-- Opening Marker --

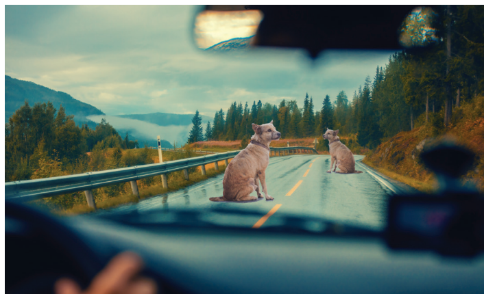
Figure 2 This simulation illustrates hallucinatory images characteristic of CBS. Individuals may see trees, animals or people that do not exist. Reports vary widely including those of seeing abstract hallucinations such as solid colors or patterns filling the field of vision.
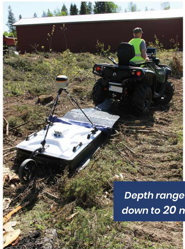
*Figures for guidance only. GPR works best in high-resistive soils, absent of conductive layers. The actual depth range is dependent upon the di-electric properties of the ground or penetrable material under investigation.

Compatible with DGPS or RTK-GPS for higher accuracy geo-referencing for mapping/ reporting purposes

-- Closing Marker --

## WHAT YOU HAVE TO DO
Starting with the line that contains "material under investigation.", return each line through the last one of the data above, exactly as written and nothing more.

## RESPONSE TO THIS TASK
*Figures for guidance only. GPR works best in high-resistive soils, absent of conductive layers. The actual depth range is dependent upon the di-electric properties of the ground or penetrable material under investigation.

Compatible with DGPS or RTK-GPS for higher accuracy geo-referencing for mapping/ reporting purposes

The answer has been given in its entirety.